At some point I made a semi-conscious decision that i was okay with sleeping in my own vomit.
i made the cop pinkie-promise not to arrest me if i failed the breathalizer.
Romer got arrested for getting in a bar fight with a bus boy because he was trying to steal a keg, had it all the way to the car
got woken up at 7:30 by a drunk girl asking me where she was... apparently she slept on my futon
she was in a cheetah costume
She was trying to fuck the exchange student from France. His English is really bad and the music was loud so she just pointed to a beer bottle and then her vagina.

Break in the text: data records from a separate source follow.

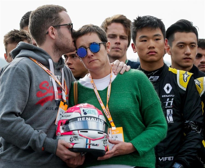 Todos los pilotos de las diferentes categorías presentes en Spa –donde, lógicamente, se suspendió la segunda carrera de F2, prevista para este domingo– se colocaron detrás de la madre y del hermano del piloto fallecido, que sujetaban su casco; y guardaron un sentido minuto de silencio en la recta de meta del mítico circuito de las Árdenas.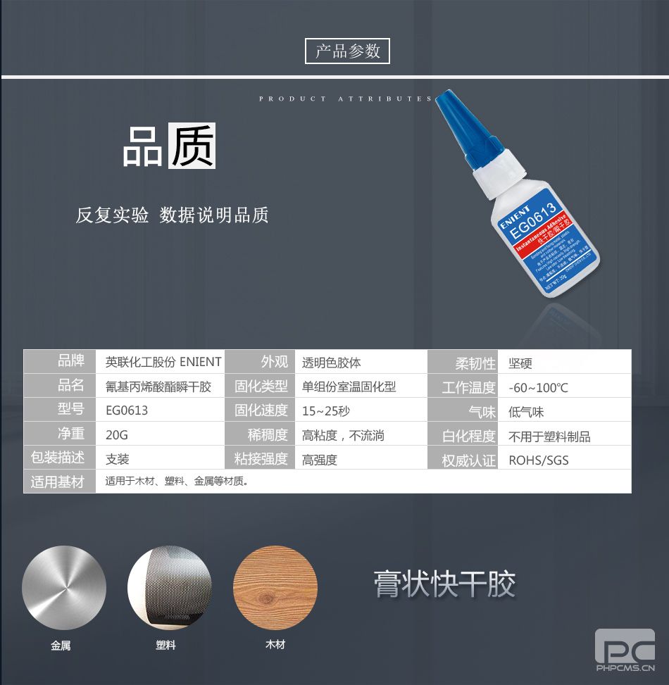 ENIENT EG0613快干膠15~25秒固化木材塑料金屬膏狀高強(qiáng)度透明20G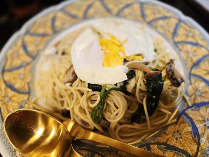 最後にエレガントな模様のお皿に盛り付け、一番上に目玉焼きをのせれば、“ほうれん草きのこのクリームパスタ”の完成です。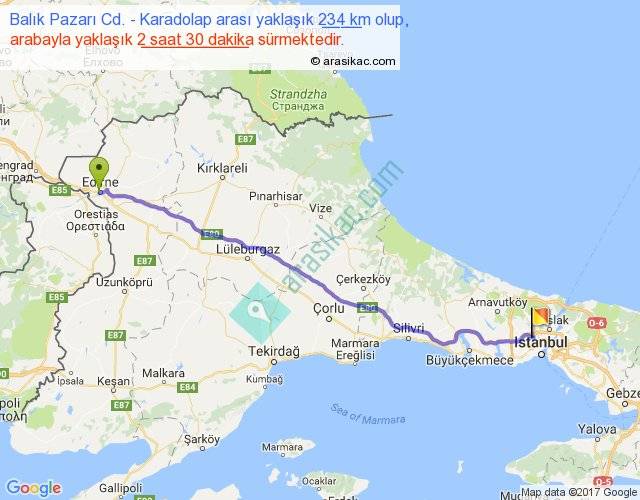 Balık Pazarı Cd. - Karadolap arası yaklaşık olarak 90 km/h ile yukarıda belirtilen sürede olup, iki yerin kuş uçuşu uzaklığı (mesafesi) 208'dir. Yolculuk otobüsle 3 saat 15 dakika sürmektedir.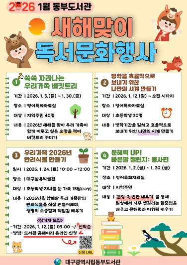 [메이저뉴스] 대구동부도서관은 다가오는 새해를 맞아 지역주민이 도서관에서 뜻깊은 한 해를 시작할 수 있도록 1월 한 달간 동부도서관 ‘새해맞이 특별 독서문화행사’를 운영한다.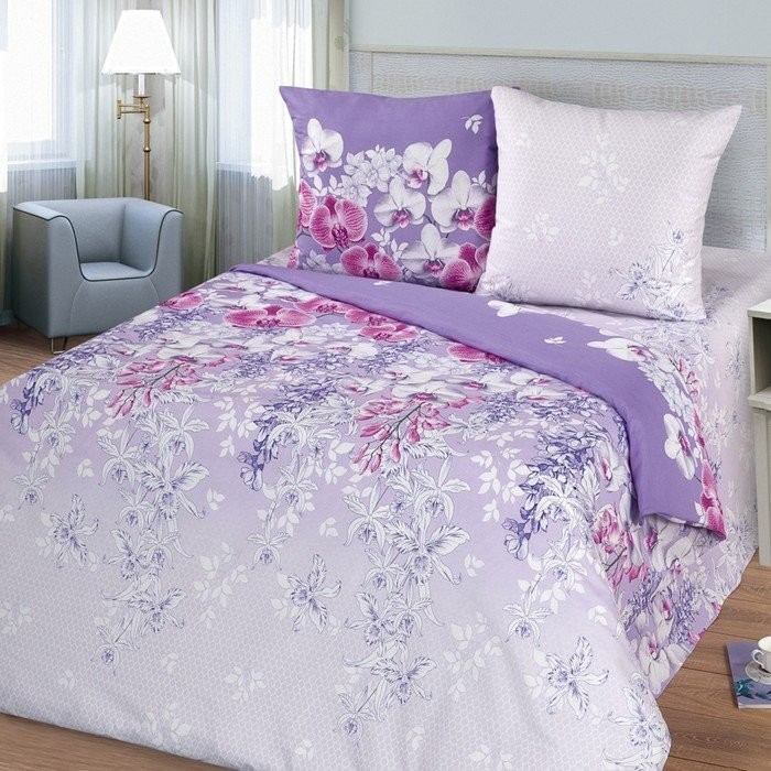 Постельное бельё евро Миланика Орхидеи 200х217см, 217×240 см, 70х70см 2 шт, бязь 125г/м, хлопок 100%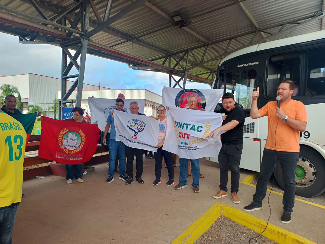 A FTIA RS, junto com sindicatos filiados, CONTAC e Rel UITA, esteve presente, reforçando que essa luta é de todos nós. Só com união, diálogo e mobilização vamos avançar nas conquistas.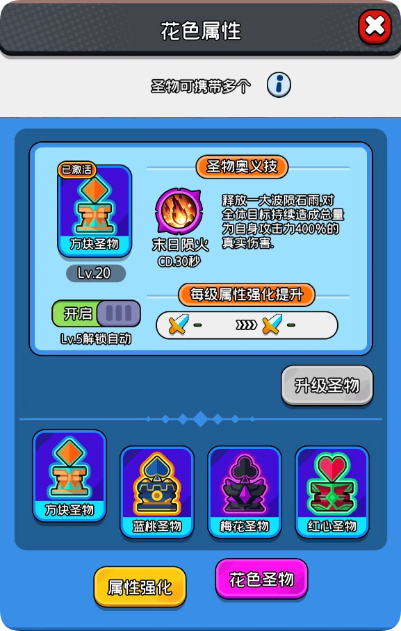 天天闯关中的花色属性,依赖刮刮卡中奖花色数量提升,是核心养成玩法。前期战略意义重大,能直接提升多项属性固定数值与百分比,还可解锁全新圣物技能。

I can't decide who is the bigger alcoholic: you for opening that bottle of wine just now or me for hearing it in the other room over the air conditioner
We told our cab driver we'd give him 3 grand if he pit maneuvered you guys in your cab.
Lest we forget our veterans. Also that two years ago I lost my virginity on this day in a hot tub. Go me for being the worst person on earth.
Dude. My knees have no hair on them and they're bruised. My thigh is killing me. I have about 1000 texts to about 5 exes which I horribly regret. I have pictures of my own penis on my phone. I can't find my iPad. And I have work in an hour.
YOU BROUGHT HANDCUFFS TO THE WHITE ELEPHANT EXCHANGE AND DIDN'T TELL ME???
Sam was like the mother fucking Moses of drunk and underage kids and he lead them to safety away from the cops. He's a hero that we deserve.
Drunk me is basically the Oprah of nudes. Everyone gets one.
Doing blow in the bathroom isnt the same without you
Do a rail off the baby station in my honor
I was told I look like trouble once and that was by a fireman at the sex show. I was carrying two beers and a penis pinata.
So high that I just walked into class, late, sat down in my desk, and tried to buckle my seatbelt.